:: DATA BELOW ::
►

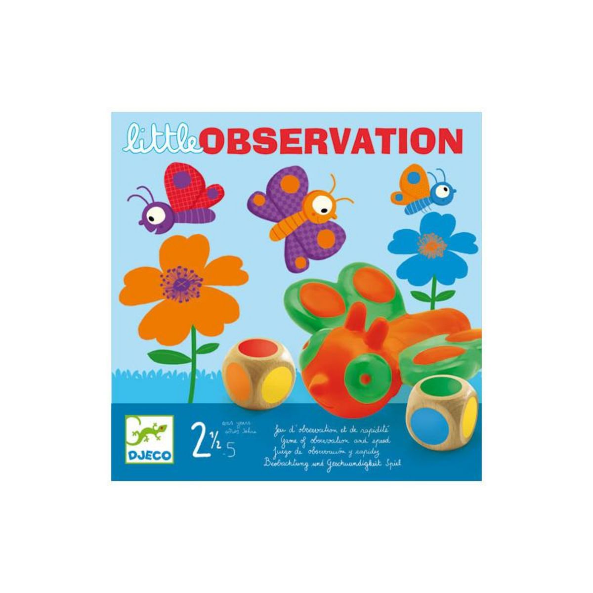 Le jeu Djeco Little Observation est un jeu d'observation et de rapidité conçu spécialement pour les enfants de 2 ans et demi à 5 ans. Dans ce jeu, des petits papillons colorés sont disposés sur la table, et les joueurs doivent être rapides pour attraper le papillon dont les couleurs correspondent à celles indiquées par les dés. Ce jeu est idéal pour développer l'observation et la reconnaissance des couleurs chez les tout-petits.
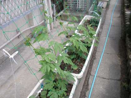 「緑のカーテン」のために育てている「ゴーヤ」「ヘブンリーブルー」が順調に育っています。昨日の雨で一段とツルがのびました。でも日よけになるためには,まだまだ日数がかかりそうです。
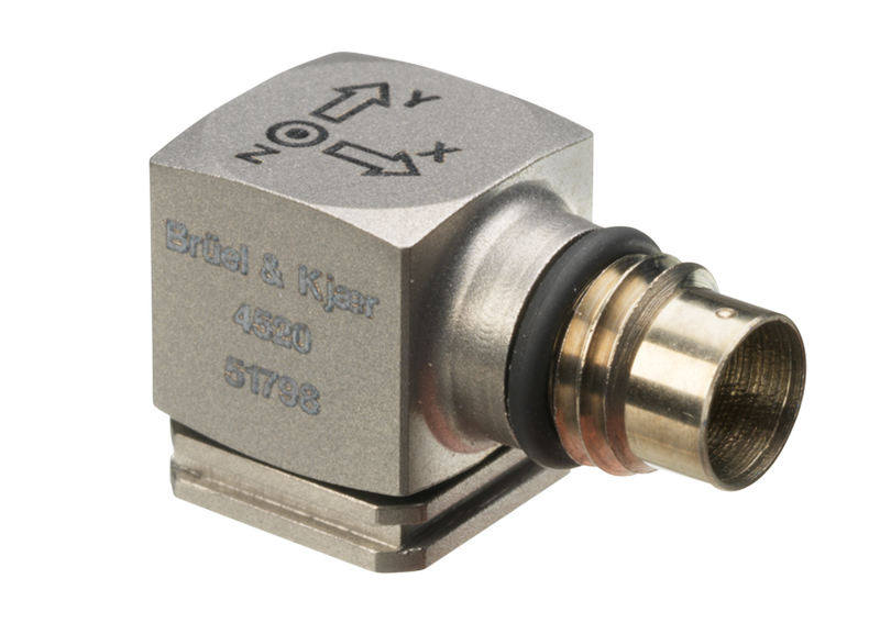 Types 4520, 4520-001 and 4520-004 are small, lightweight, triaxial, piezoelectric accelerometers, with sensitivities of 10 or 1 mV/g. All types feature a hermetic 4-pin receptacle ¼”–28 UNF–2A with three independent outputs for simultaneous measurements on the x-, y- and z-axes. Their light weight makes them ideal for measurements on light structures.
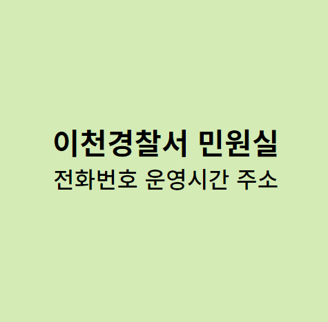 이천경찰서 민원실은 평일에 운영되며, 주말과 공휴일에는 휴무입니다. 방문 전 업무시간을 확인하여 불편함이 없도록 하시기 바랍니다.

◄

:: EXERCISE DETAILS ::
The full listing above, duplicated exactly and without its pictures, is the answer.

:: TASK OUTPUT ::
 Le jeu Djeco Little Observation est un jeu d'observation et de rapidité conçu spécialement pour les enfants de 2 ans et demi à 5 ans. Dans ce jeu, des petits papillons colorés sont disposés sur la table, et les joueurs doivent être rapides pour attraper le papillon dont les couleurs correspondent à celles indiquées par les dés. Ce jeu est idéal pour développer l'observation et la reconnaissance des couleurs chez les tout-petits.
 「緑のカーテン」のために育てている「ゴーヤ」「ヘブンリーブルー」が順調に育っています。昨日の雨で一段とツルがのびました。でも日よけになるためには,まだまだ日数がかかりそうです。
 Types 4520, 4520-001 and 4520-004 are small, lightweight, triaxial, piezoelectric accelerometers, with sensitivities of 10 or 1 mV/g. All types feature a hermetic 4-pin receptacle ¼”–28 UNF–2A with three independent outputs for simultaneous measurements on the x-, y- and z-axes. Their light weight makes them ideal for measurements on light structures.
 이천경찰서 민원실은 평일에 운영되며, 주말과 공휴일에는 휴무입니다. 방문 전 업무시간을 확인하여 불편함이 없도록 하시기 바랍니다.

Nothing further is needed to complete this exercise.